Please copy exactly the part of the records below that opens with the line containing "- ⚫ENVIRONMENTAL MATERIAL-Our" and closes with the line containing "자동차 반덮개형 눈덮개, 서리", leaving out any pictures.

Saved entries
---------------

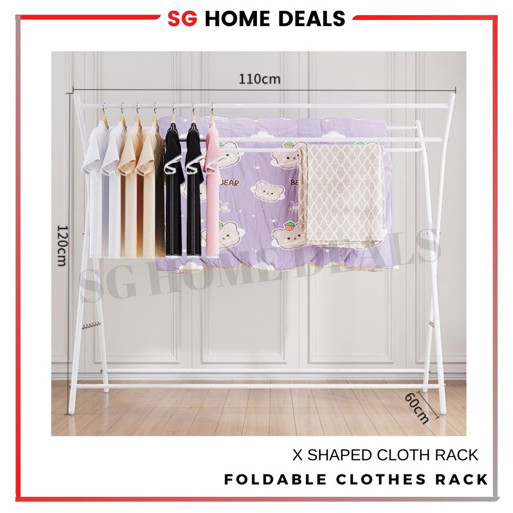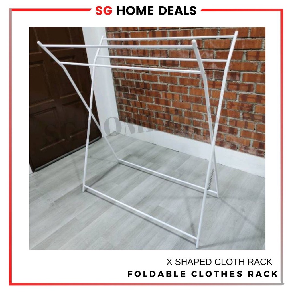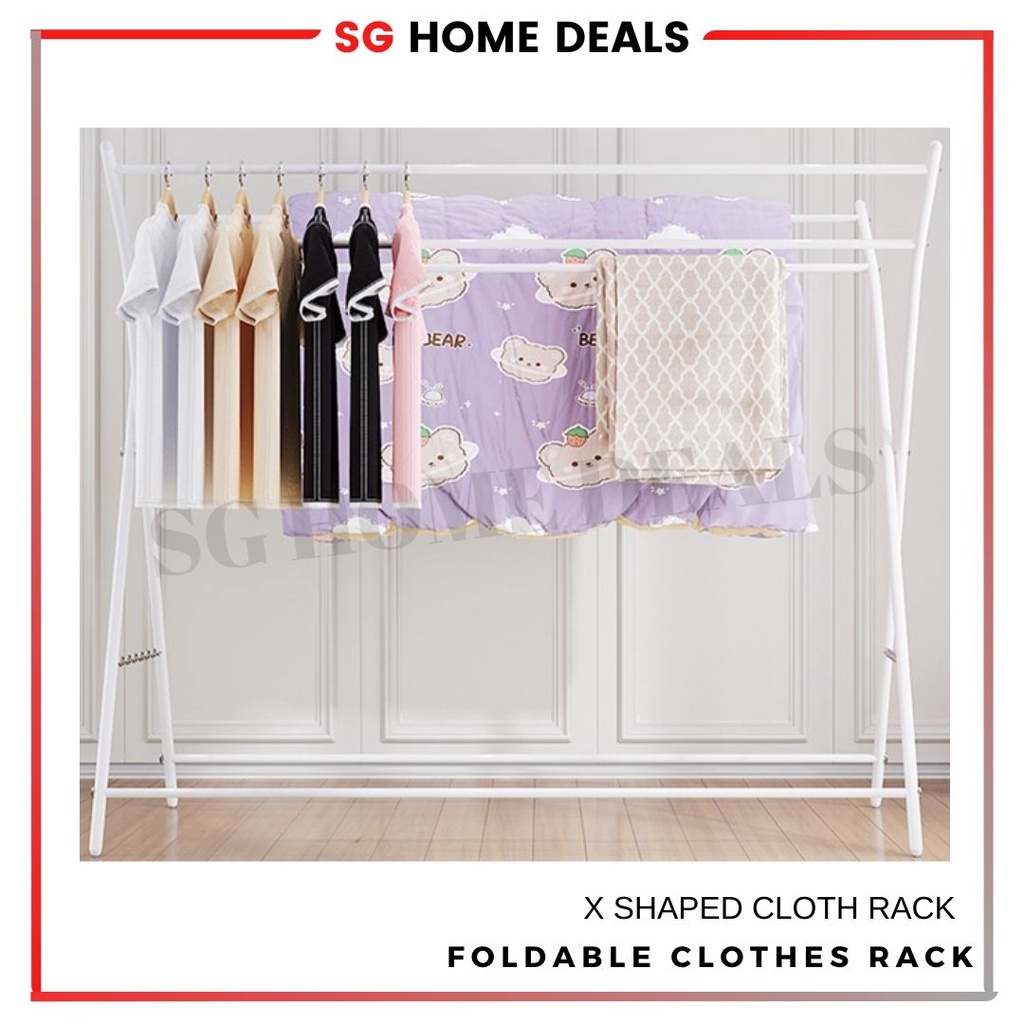 [SG STOCKS] X-Shaped Foldable Clothes Rack Drying Rack/ Suitable Indoor & Outdoor/ Easy Self Assemble
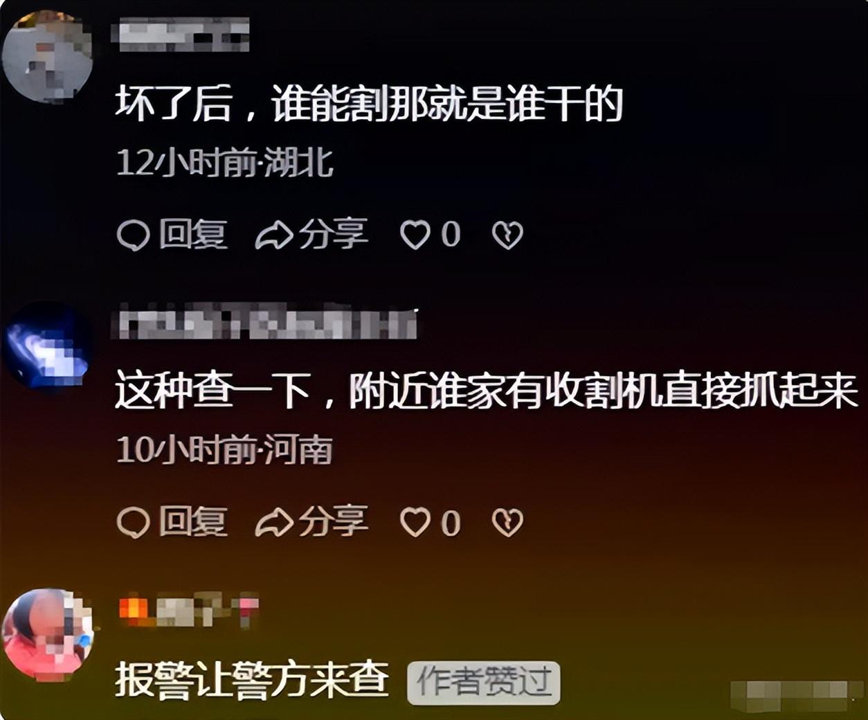 她先是拍了個視頻發佈到網上,原意是爲了譴責故意使壞,破壞夏收的人,但是網友們紛紛建議她報警:這種人不給個教訓的話,很有可能會二次作案。
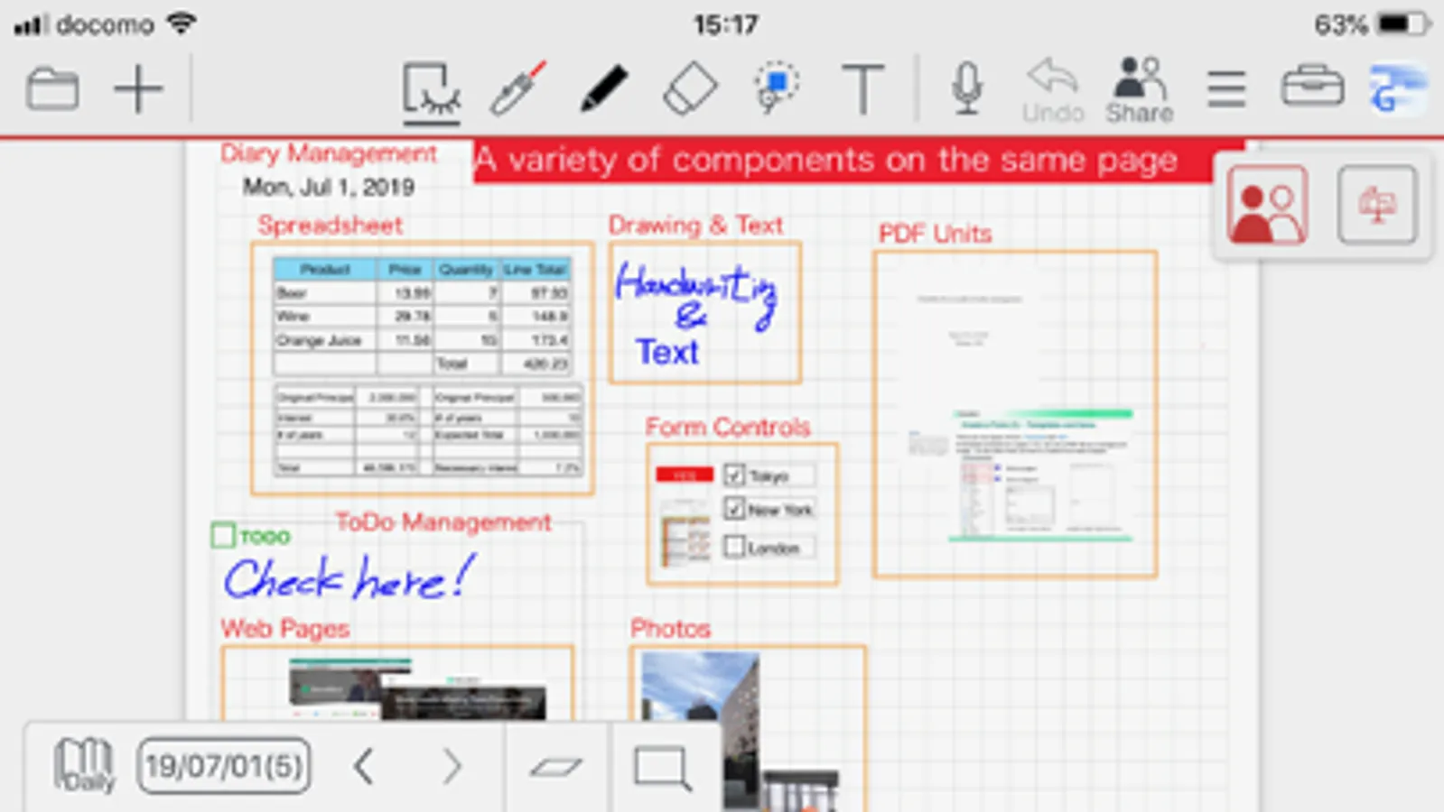 • Convert to a Share Note to allow multiple users to visually interact with the documents and add text, handwriting, photos, new pages, graphics, spreadsheets, and any other content types
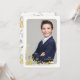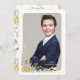 Gold, grey and white field flowers and foliage burst onto the lower border of this photo invitation. The complimentary back features ample space for your celebration details. The cross and wording can be dragged to any location, made larger or smaller ( + - ), or eliminated. (Cute photo created by valuavitaly - www.freepik.com). (Vector design by Vecteezy.com). The card is easy to customise with your wording, font, font colour and choice of paper types. Not exactly what you're looking for? All our products can be custom designed to meet your needs at no extra charge. Simply contact us at heartfelthelper@gmail.com. Coordinating products available at your request.
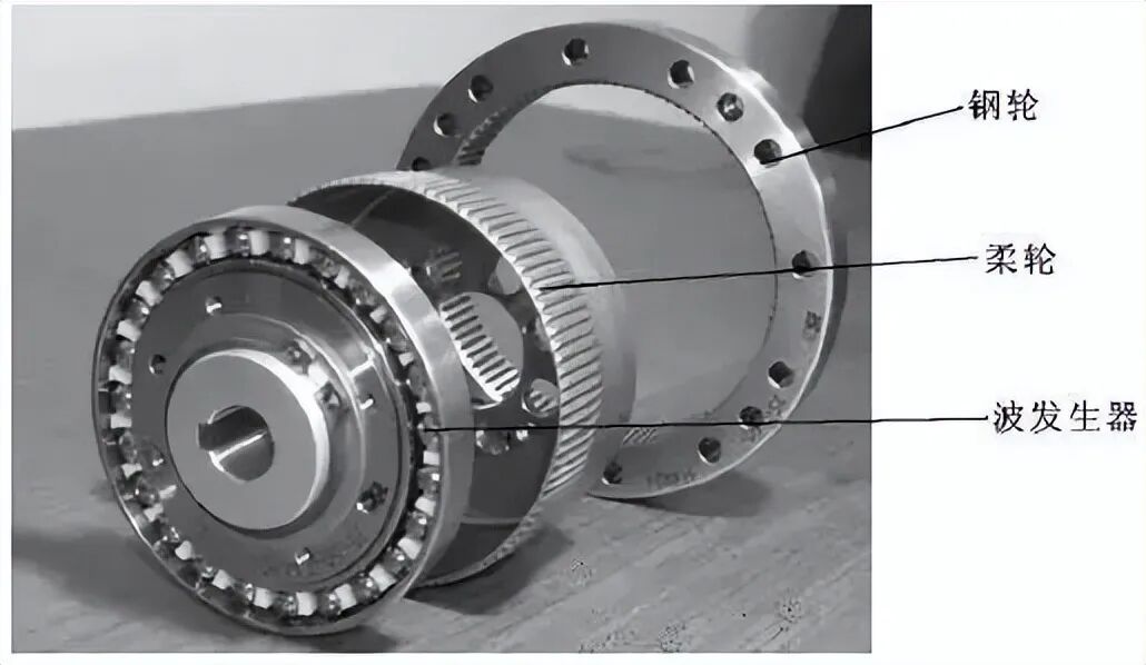 谐波减速器主要由波发生器、柔轮和钢轮组成。波发生器是让柔轮发生弹性形变,然后柔轮齿与外侧的钢轮齿会在不同位置持续发生啮合和分离。这个过程中,柔轮与钢轮的啮合位置会不断发生变化,最终导致柔轮相对于钢轮发生缓慢旋转。
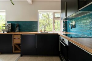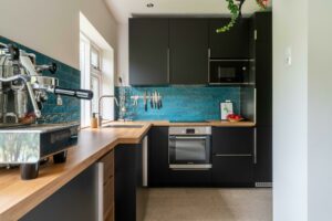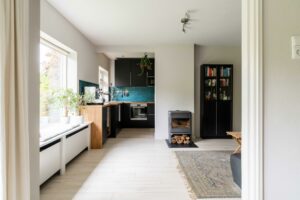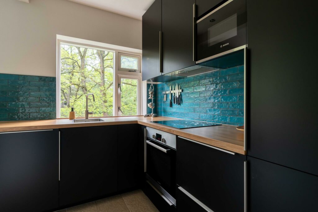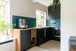 Grenzend aan de woonkamer bevindt zich de halfopen keuken die in 2023 is geplaatst. De keuken is voorzien van moderne inbouwapparatuur zoals een kookplaat, combi-oven en vaatwasser. De gekozen kleurstelling doet tijdloos aan. Een heerlijke plek om te kokkerellen.
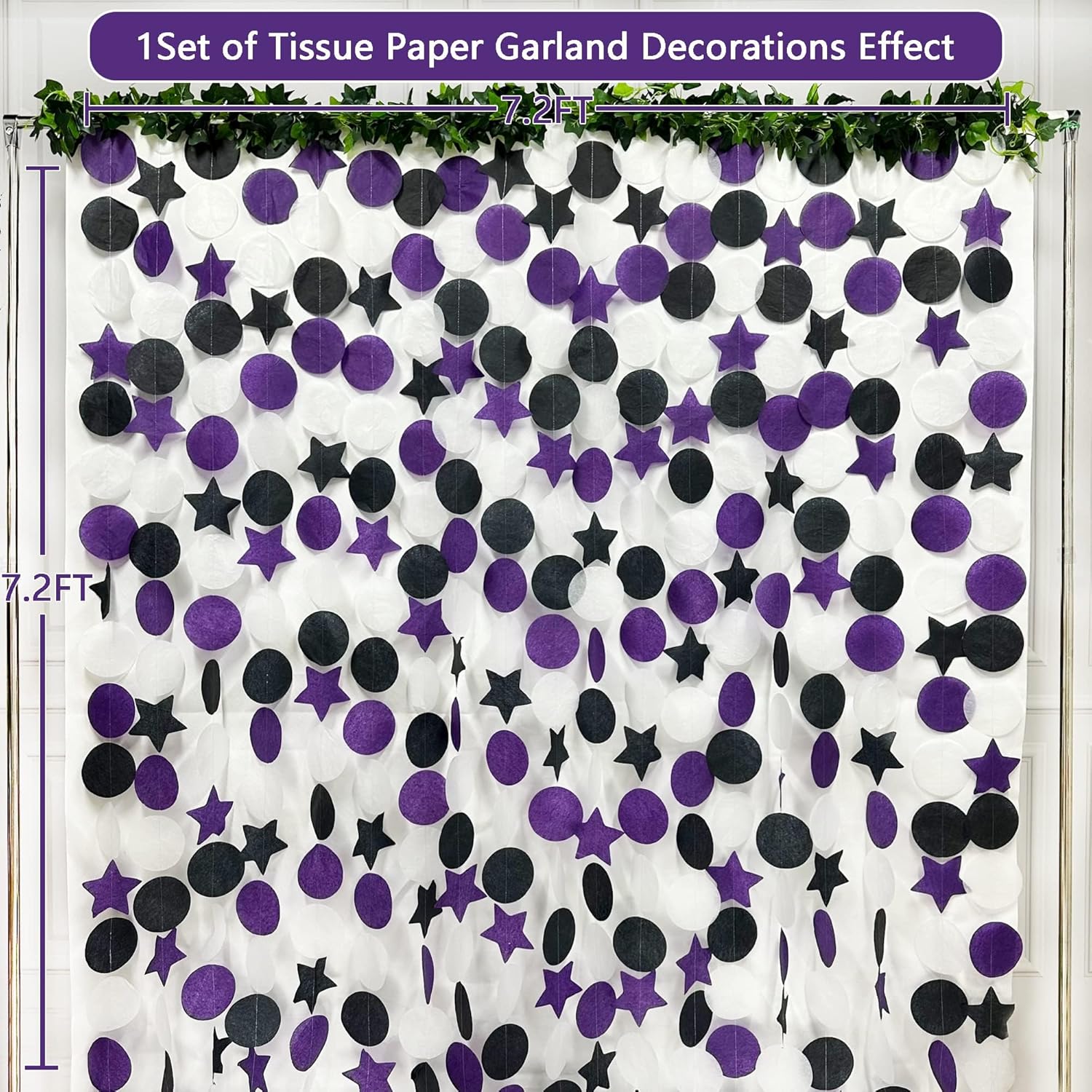- ⚫ENVIRONMENTAL MATERIAL-Our purple black and white big circle dot star streamer garland are made of high quality tissue paper,carefully hand-made and machine-sewn together with thread.durable and reusable.Unroll & unwrap the tissue paper garland carefully. Due to delicate nature of thread, may tangle.
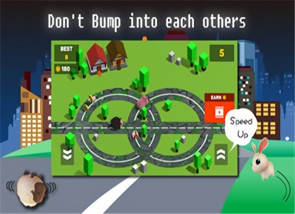1、调节速度避碰撞:让动物在圆环里跑动,通过点击按钮提升或降低速度,躲避其他动物,避免撞到城市中乱跑的动物,确保所选动物安全的奔跑。
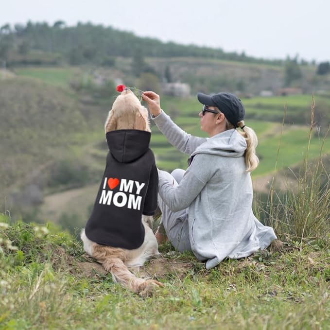GreenJoy Dog Sweater Dog Hoodie Cold Weather Dog Coat Hooded Sweatshirt for Puppies,Cats, Small Medium Large Dogs(Small, Black (I Love My Mom))
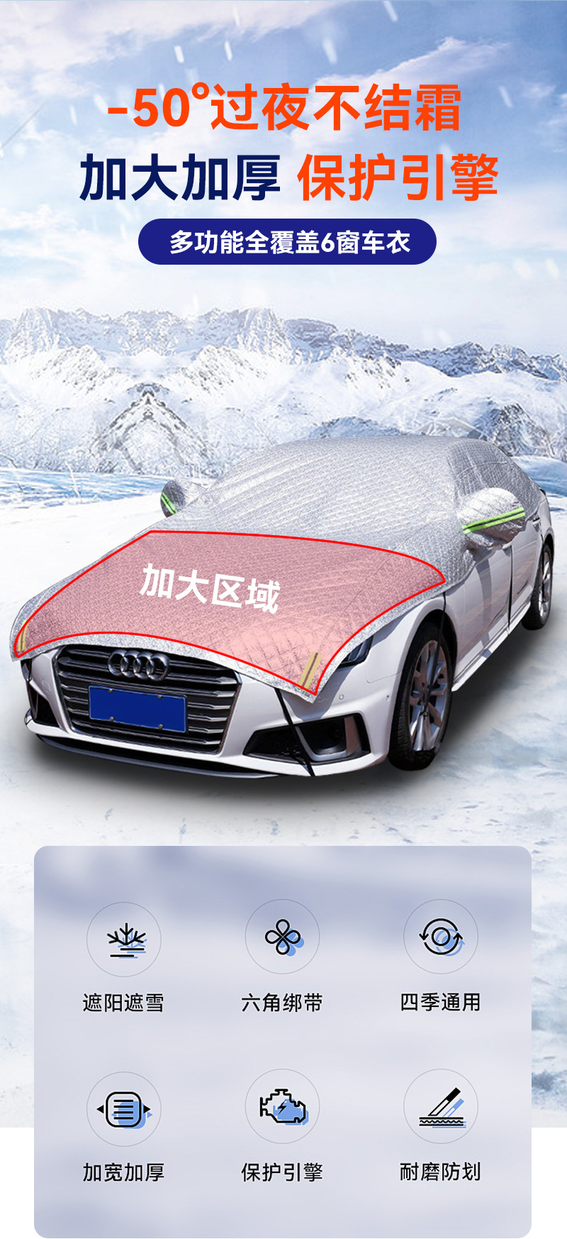 자동차 반덮개형 눈덮개, 서리 및 눈 방지 앞유리 덮개, 차량 전체 6개 창문 눈덮개, 겨울철 차량 눈덮개
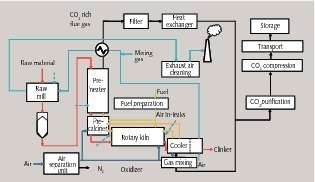 Three main CCS technologies are offered: post-combustion, pre-combustion and oxyfuel processes. Pre-combustion processes are not applicable in the cement industry. Post-combustion processes apply a chemical absorption method. According to the ECRA, no CCS systems have yet been put into operation in the cement industry. Figure 14 illustrates the design principle of an absorption system, in which e.g. ammonia is used as the solvent. For comparison, Figure 15 shows an oxyfuel process that includes an air separation unit and needs pure oxygen to be used in the cement manufacturing process instead of air. While an absorption process affects the clinker production process only slightly or not at all, an oxyfuel process involves the issue of changed CO2 partial pressure behaviour in the production process, for which hardly any research data is available. Moreover, it can be expected to affect the burning characteristics or cause changes in the burning zones in the kiln. Up to now, there are no findings indicating a significant effect on the cement properties [11].
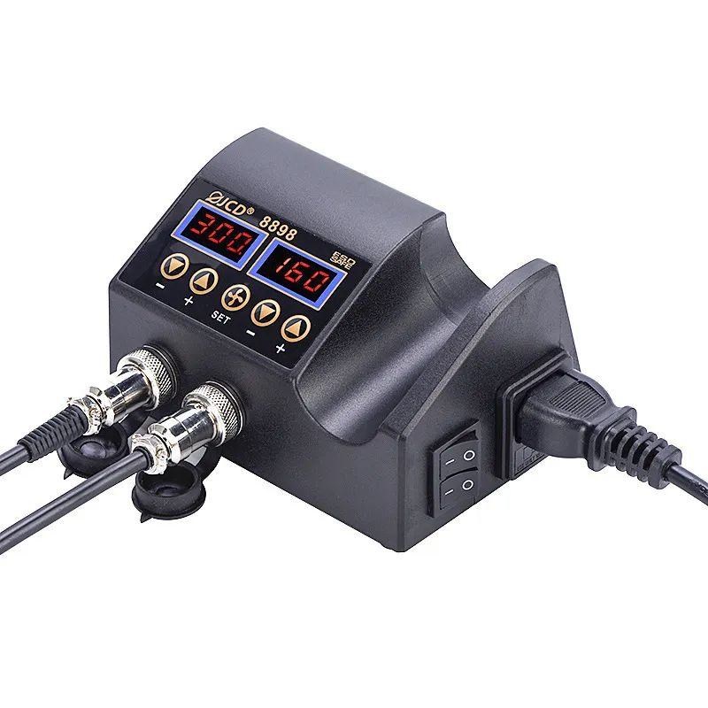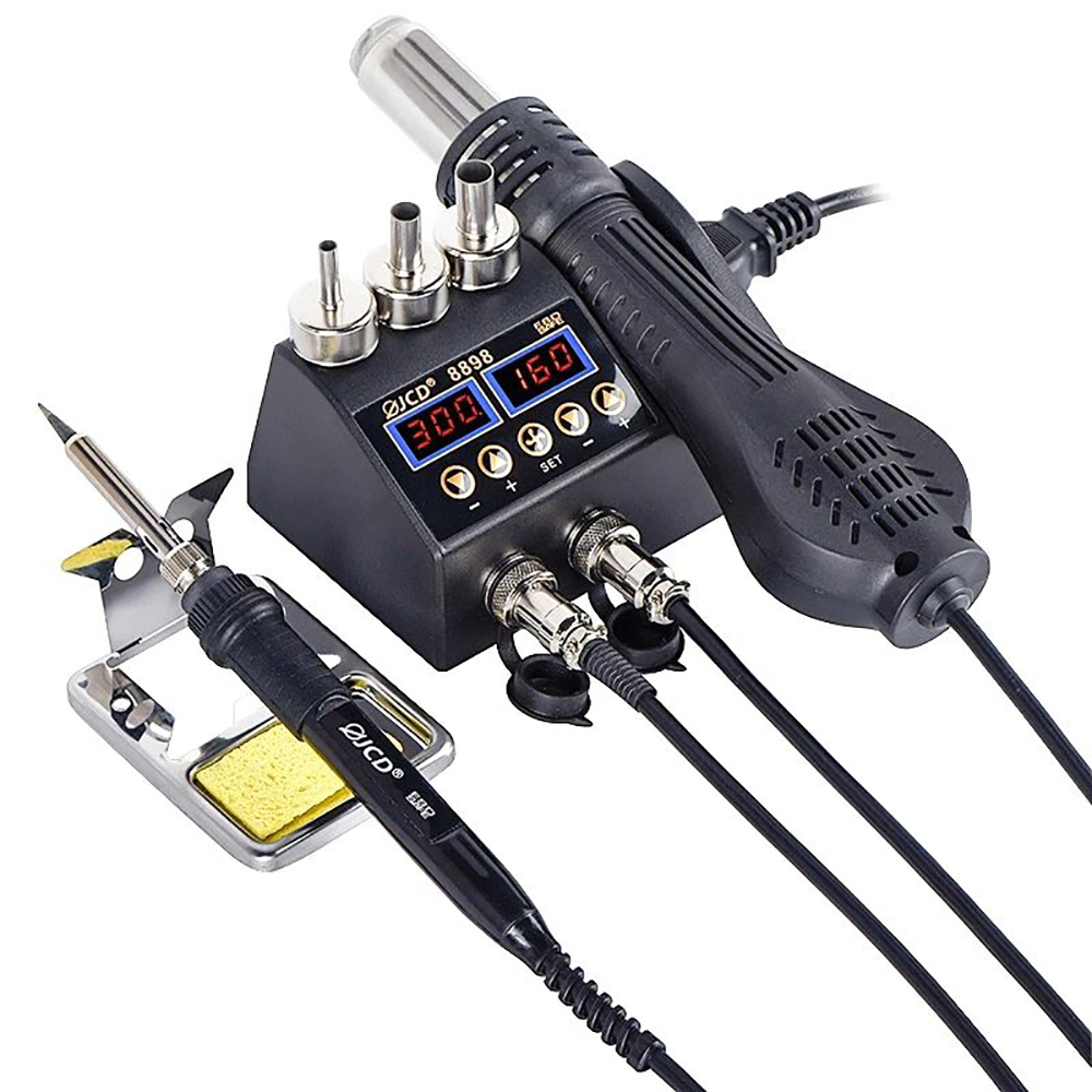 Паяльная станция JCD8898 750Вт применяется для работы методом бессвинцовой распайки. Паяльная станция с феном оснащена двумя цифровыми экранами с подсветкой, на которые выводится температура нагрева. Для продления срока эксплуатации устройства предусмотрено автоматическое охлаждение. Фен паяльник оснащен двумя выключателями на корпусе, которые расположены перед гнездом подключения. Температуру можно регулировать с высокой точностью в диапазоне от 180 до 500 градусов. В комплекте идут станция паяльник фен, 3 насадки разных диаметров и длинный шнур для подключения к сети.
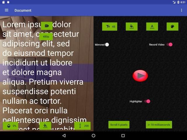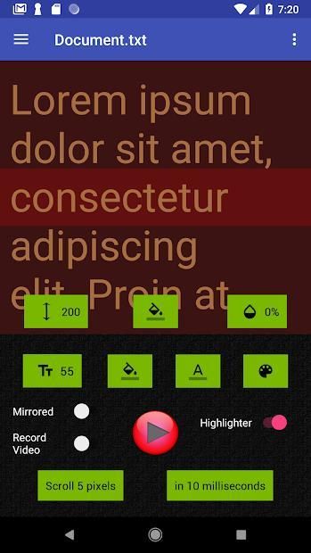 - Increase or decrease Teleprompter's scrolling speed via remote or from within the app

---------------

**SOLVED EXERCISE:**
- ⚫ENVIRONMENTAL MATERIAL-Our purple black and white big circle dot star streamer garland are made of high quality tissue paper,carefully hand-made and machine-sewn together with thread.durable and reusable.Unroll & unwrap the tissue paper garland carefully. Due to delicate nature of thread, may tangle.
1、调节速度避碰撞:让动物在圆环里跑动,通过点击按钮提升或降低速度,躲避其他动物,避免撞到城市中乱跑的动物,确保所选动物安全的奔跑。
GreenJoy Dog Sweater Dog Hoodie Cold Weather Dog Coat Hooded Sweatshirt for Puppies,Cats, Small Medium Large Dogs(Small, Black (I Love My Mom))
 자동차 반덮개형 눈덮개, 서리 및 눈 방지 앞유리 덮개, 차량 전체 6개 창문 눈덮개, 겨울철 차량 눈덮개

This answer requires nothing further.